Directed by Sergio Castellitto, starring Sergio Castellitto, Penélope Cruz, Claudia Gerini, Marco Giallini and Elena Perino.

Screenwriter-director and star Sergio Castellitto's second directorial outing is about letting go when you're not sure you want to or can. Based on the book written by Castellitto's wife Margaret Mazzantini, 'Don't Move' is watchable, but not spectacular.

Timoteo (Castellitto) is a surgeon who finds himself in the agonising position of watching others operate on his beloved daughter Angela (Perino) after she suffers head trauma as a result of falling off her motorbike. As he waits to hear if his child has made it through surgery, he's reminded of a woman he had an affair with before Angela was born and he begins to reminisce.

He met Italia (Cruz) while waiting for a mechanic to fix his car and after a violent beginning, they began a relationship and fell in love. Timoteo decided to leave his wife Elsa (Gerini) for Italia. The film explores the consequences of that decision, the nature of Timoteo's own choices and the situations imposed on him.

Initially, Timoteo is not a likeable person. He's a quiet man, given to violent outbursts, but when he meets Italia, he softens and opens up. As events spiral out of his control, we see him desperately trying to cling to happiness and ultimately investing it in his daughter.
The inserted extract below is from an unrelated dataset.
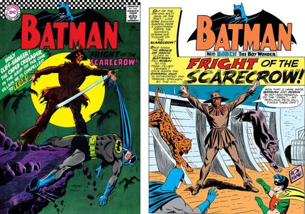 Nach zwei Auftritten in den 40ern verschwand Scarecrow für 24 Jahre, erst 1967 kehrte er wieder in die Comics zurück. Daher musste man den jungen Lesern von damals noch einmal die Origin-Story aus World’s Finest #3 (1941) erzählen, damit sie überhaupt wussten, was Sache ist: Jonathan Crane, als Kind gerne Vögel aufgescheucht, später Psychologie-Professor mit dem Forschungsschwerpunkt Angst und schließlich professionelle Vogelscheuche. Angstgas hatte er damals noch nicht – diese Pioniertat war zunächst nur Hugo Strange vorbehalten.

Castellitto makes a moody and mysterious Timoteo but its Cruz who excels as the disturbed and damaged Italia. She happily eschews her sophisticated glamour to play a character whose mystery is attractive even if her appearance is somewhat dowdy.

As a study in the cruelty of circumstance and actions 'Don't Move' works reasonably well, but it needed more plot to really engage the audience.